1954 / Best Actor / Best Director / Best Picture / Best Supporting Actor / Best Supporting Actress

Film #177: On the Waterfront (1954)

As we’ve seen in our past Brando posts, the star had lost three consecutive shots at winning the Best Actor prize. His luck finally changed a year later where he reunited with Streetcar director Elia Kazan and co-star Karl Malden. The film was Best Picture winner On the Waterfront, a piece that was based on the experiences of real long shoremen had deling with their mob-run business.

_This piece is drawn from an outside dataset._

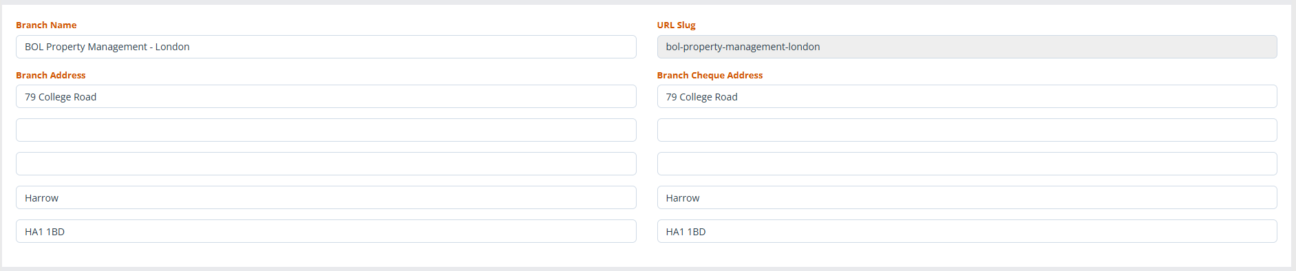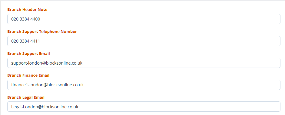 Each branch can then be customised. You can have different branch addresses and different email addresses to use.

As the film starts Brando’s Terry Malloy is instrumental in the death of long shoreman Joey Doyle. Doyle’s death was supposedly due to the fact that he was about to testify against gangster Johnny Friendly, the man who runs the docks and trades illegally. Terry’s connection to the murder is cemented by the fact that his brother Charley works as Friendly’s accountant. The relationship between Terry and Charley is an odd one especially seeing as the latter got the former to throw fights in his days as a prize fighter. Events get complicated when Terry falls for Doyle’s sister Evie who, along with Malden’s priest Father Barry, tries to convince Terry to testify against Friendly. Worried that Terry is being swayed Friendly sends Charley out to set Terry straight where Terry delivers the still famous ‘I Coulda Been a Contender’ speech. Eventually Terry testifies and Friendly turns the rest of the dockworkers against him and has him beaten up but Friendly is then discredited with all the longshoremen turning their backs on him.
There’s so much to praise about On The Waterfront and thankfully for once a great film gets recognised by the Academy winning Best Picture, Actor, Director, Screenplay and Supporting Actress for Eva Marie Saint as Evie. Saint is great in the film so much so I think this was almost a Lead performance which would’ve seen the film scoop the much-touted ‘Big Five’. If Streetcar was Brando’s breakout then this was definitely his star-making turn playing a conflicting character wanting to do what’s right but not wanting to test his loyalty against his brother and the men who have been giving him the job. There are also so many great cinematic moments from the aforementioned contender speech, to the final scene in which a beaten Terry makes his way to work despite being light on his feet and having blurred sight. But my favourite scene is probably Terry telling Evie about his involvement in Joey’s death which we don’t hear as a big steamship comes past making their conversation inaudible. On the Waterfront also clinched three deserving nominations in the Best Supporting Actor category with all three men ultimately losing to The Barefoot Contessa’s Edmund O’Brien. Of these three I think that Karl Malden was my favourite as the caring yet realistic Father Barry. However, Lee J Cobb was great as Friendly and Rod Steiger stole a few scenes as the manipulative Charlie. Leonard Bernstein’s score was similarly fantastic as it leant to the overall atmospheric tone of the piece. The Oscar-winning cinematography is just a thing of beauty with the shots of Hoboken, New Jersey adding to the realism of the piece. This realism is enhanced by the fact that certain members of the cast were non-professional actors which is particularly true of the real-life prize fighters who portrayed Friendly’s goons. Ultimately, On the Waterfront has to go down as one of the greatest films of all time and one of a handful of films that deserved its Best Picture win.